Of course, then I ended up just grafting those modular elements into another long-running campaign idea, so the whole thing came full circle. I'm on I think Mk. IV (?) of that setting, if I'm a little fast and loose in terms of what I consider a full Mk. version of the setting. I like to think I've settled on one that I'll use forever, but realistically that's probably not true.

I do have a setting that seems remarkably porous, though--it's perfectly capable of cannibalizing both past ideas of mine, and anyone else's, absorbing their essences, spitting out the detritous like an owl pellet, and being a richer setting for the affair.

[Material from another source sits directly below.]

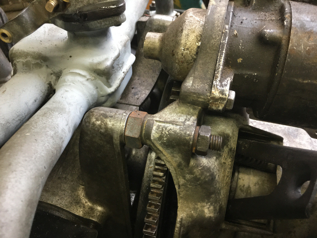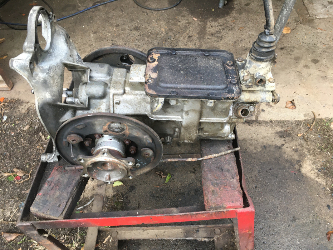 Ce matin, j'ai vidangé et nettoyé l'extérieur de la boite de vitesses. Elle contenait de l'huile (bien sale, mais il y en avait !) J'ai assemblé le moteur avec la boîte de vitesses "à blanc", pour pouvoir monter un démarreur et faire tourner le moteur pour contrôler la pression d'huile... Enfin, s'il n'y avait pas de (grosses) fuites, et l'huile montait aux culbuteurs..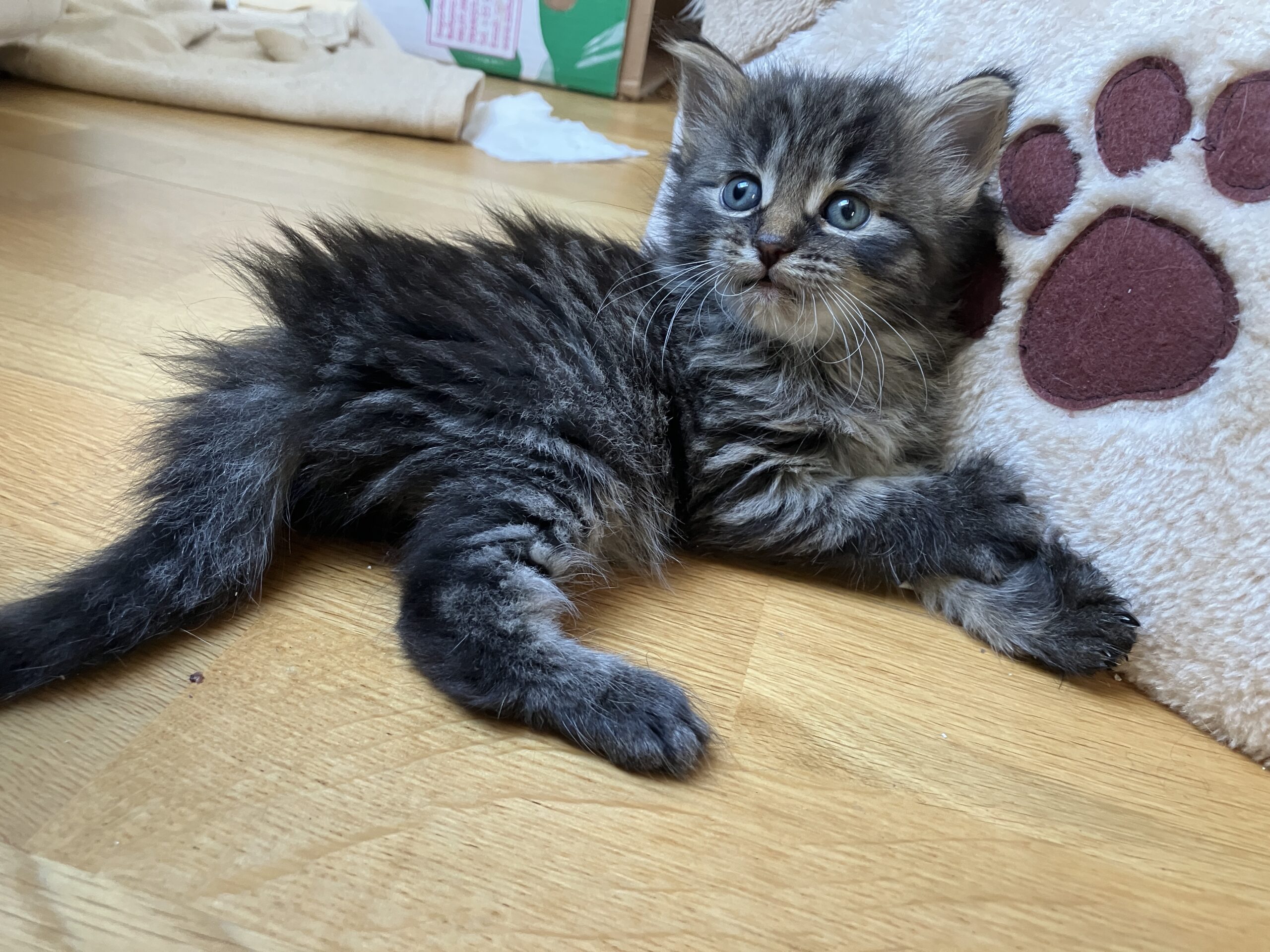 Wolf je jedno z mourovaté nadílky, kterou na konci dubna porodila kočička Tanuki. Tanuki jsme přijali po zemřelé paničce s tím, že by měla být kastrovaná. Bohužel opak byl pravdou a Tanuki čekala už skoro hotová koťátka. Všichni sdědili barvu po mamince a tak v červenci budeme hledat domov pro tyhle mourovaté uzlíčky i jejich maminku. Koťátka budou k odběru ve druhé půlce července, zatím jsou ještě malá a potřebují čas s maminkou jako sůl. Kdybyste se na ně nezávazně nebo závazně chtěli podívat, ozvěte se nám!

On another note, not sure why you're unsatisfied with the new Star Wars continuity? I presume that's true if you're a big Star Trek fan--I always hovered on the edge of fandom, more irked by the concept, but still drawn to it anyway because, hey, science fiction. The reboot was (to me) the best thing that ever happened to Star Trek--the only things that annoyed me were the time travel business (pet peeve of mine; I hate time travel paradox stories) and all of the gratuitous wink and gun fan service references to the older material, which got to be distracting after a while.

Trey said...

@Joshua Dyal - "Modular elements." I like that.

As to Abrams Trek. I have no problem with the new continuity per se, and I am a big Star Trek fan, but I don't think that's the source of most of my complaints, as I've heard them echoed by people who are not ST fans nor really science fiction fans even.

The first film (enjoyable as it was) was marred by plot holes and logic flaws. To name a few: Nero just hangs out for 25 yrs (this bit was cut though, to be fair)? Spock is the only person in all of galactic civilization that can deliver the red matter to save Romulus? Really? one guy? Isolated, lonely Delta Vega is so close to Vulcan that it explodes hugely in the sky? Scotty and old Spock both just happen to be there? Where Kirk is marooned? And how is marooning responsible 23rd century behavior? There are no mid-level officers to take command of anything between the Captain and junior crew? And so on.

The new one makes a bit more sense (a bit: Why does Marcus give Kirk 72 torpedoes? Did he really think he would fire all 72 to kill one guy? Does no other superman-sickle have magic blood but Khan? Does Starfleet have absolutely no oversight by any civilian government or they just do what they want or their own?) but it wants to use too many elements from Wrath of Khan to no purpose (Why is Carol Marcus in this?) and tries to still resonant bits that are only meaningful if at all because of fanservice (KHAN!!!) and can just as easily serve to pull you out of the movie.